*Brain Candy In Your Food Storage*
It's late November in eastern Tennessee. That means it's dripping rain and 33 degrees at dawn. Nine months ago the secondary breadwinner of the household got cut back to 20 hours/week. Four months ago the primary breadwinner got cut back to 30 hours/week. Two months ago the secondary breadwinner got laid off.
Behind each of two doors in front of you are two different menus for the day.
Behind Door Number 1:
- Breakfast - whole wheat flatbread with a small bit of honey
- Lunch - whole wheat flatbread left over from breakfast
- Dinner - whole wheat flatbread and beans
Behind Door Number 2:
- Breakfast - whole wheat biscuits with strawberry jam
- Lunch - leftover biscuits from breakfast (but you're told dinner will be at 2:30)
- Dinner - baked glazed ham with pineapple pieces, candied sweet potatoes, lima beans, cheesecake with cherry topping.
What time of year did I say it was?? OK, which one sounds more like a Thanksgiving dinner to you??

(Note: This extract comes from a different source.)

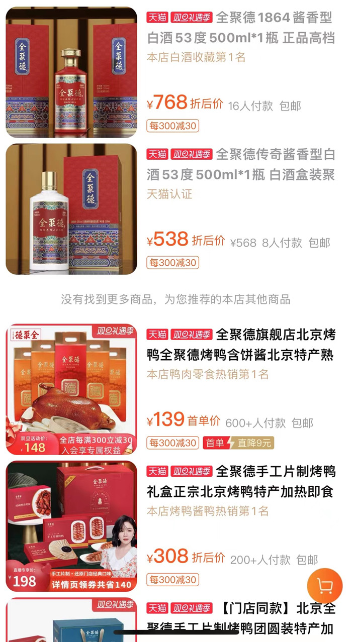 界面新聞?dòng)浾咴谌鄣绿熵埰炫灥曛凶⒁獾剑鲜鰞煽畎拙埔呀?jīng)可以在線上進(jìn)行購買,其中,“全聚德·1864醬香型白酒”售價(jià)828元,折后價(jià)為768元;而另一款“全聚德·傳奇醬香型白酒”售價(jià)為568元,折后價(jià)為538元。

In a situation where the world as we know it has ended (or at least taken a long leave-of-absence) we'll need to look after the emotional needs (and I mean needs) of our families. The difference between the two daily menus above is only:
1 Small Jar Strawberry Jam 1 Can Baking Powder 1 lb Butter-Flavor Crisco 1 Small Canned Ham 2 Cans Sweet Potatoes 1 Box Brown Sugar 1 Small Can Pineapple Tidbits 2 Cans Lima Beans 1 Box No-Cook Cheesecake 1 Can Cherry Pie Filling
or about $20 in Jun 2009! If the world is getting nasty for you & your family, that may very well be the smartest $20 you've spent in a long time.

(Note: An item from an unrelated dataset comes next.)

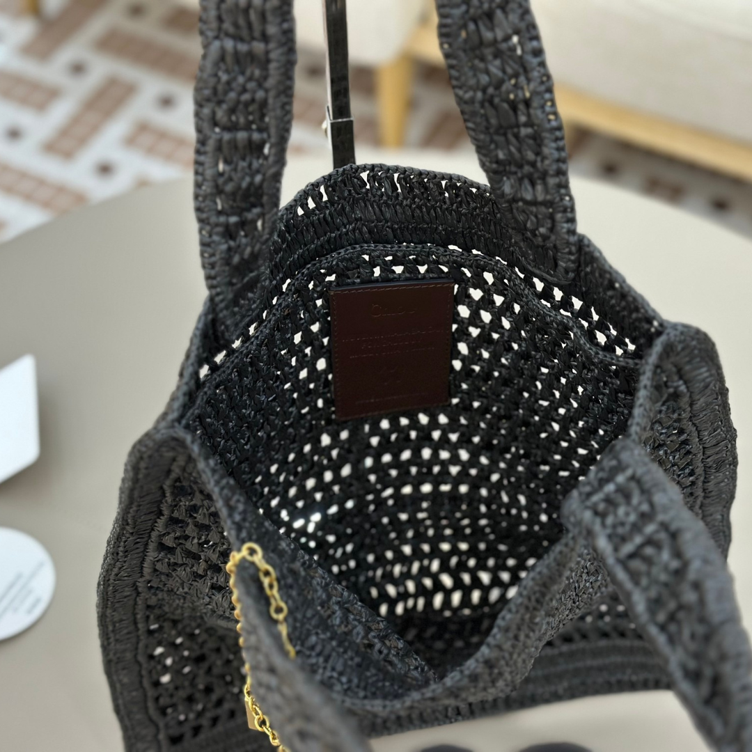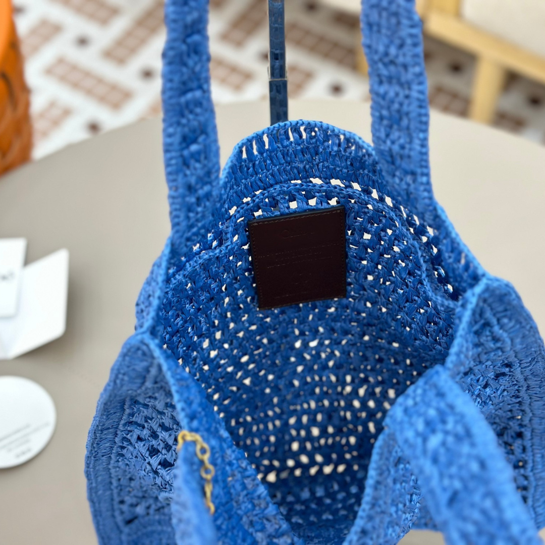 DIE CHLOÉ LARGE WOODY BASKET – PREMIUM QUALITÄT VEREINT SOMMERLICHE LEICHTIGKEIT MIT LUXURIÖSEM HANDWERK. GEFERTIGT AUS HANDGEFLOCHTENER NATUR-RAPHIA UND VEREDELT MIT GLATTEN KALBSLEDERDETAILS, BESTICHT SIE DURCH DIE CHARAKTERISTISCHEN CHLOÉ-LOGOBÄNDER ENTLANG DER HENKEL. GERÄUMIG, LEICHT UND VIELSEITIG – PERFEKT FÜR STRAND, STADT ODER REISEN MIT STIL.

I heartily recommend you look at a few items you can inexpensively add to your food preps which will make a tremendous difference in your family's emotional health. Here are some things we do in addition to the Thanksgiving dinner above:
Hard Candy: We hit a clearance on Grandma candy (the mixed hard candies Grandma had in a dish in the parlor) for $1 a bag. We sealed them in mylar bags in 4-oz packages Custom Sized Mylar Pouches. We made enough for one-a-month plus one each birthday for a year, plus a few for emergency needs.
Favorite Foods: So you're saving some cans of (whatever) or jars of jelly. Make sure you get a few of each person's favorite item or flavor.
Recipes: While you experiment with using your storage foods on a daily basis (you are experimenting, aren't you?), notice the ones which are the biggest hits. Experiment extra on those and use them for special occasions.
Spices: I defy you to find a chemical-nutritional reason for spices in most foods. Yet the fact remains that flavor is a critical element to success in cooking. Bend to reality and store at least some ingredients to recreate old favorite dishes and to help the acceptance of the new stuff.
Activities: Our girls used to love to make cookies as a family (as teenagers it's not cool, but...). We keep a few makings for cookies, and plan to use a cookie bake (maybe in a dutch oven) to defuse tension when things go bad.
Get inventive; you know what works for you. Think about this and you'll come up with great ideas.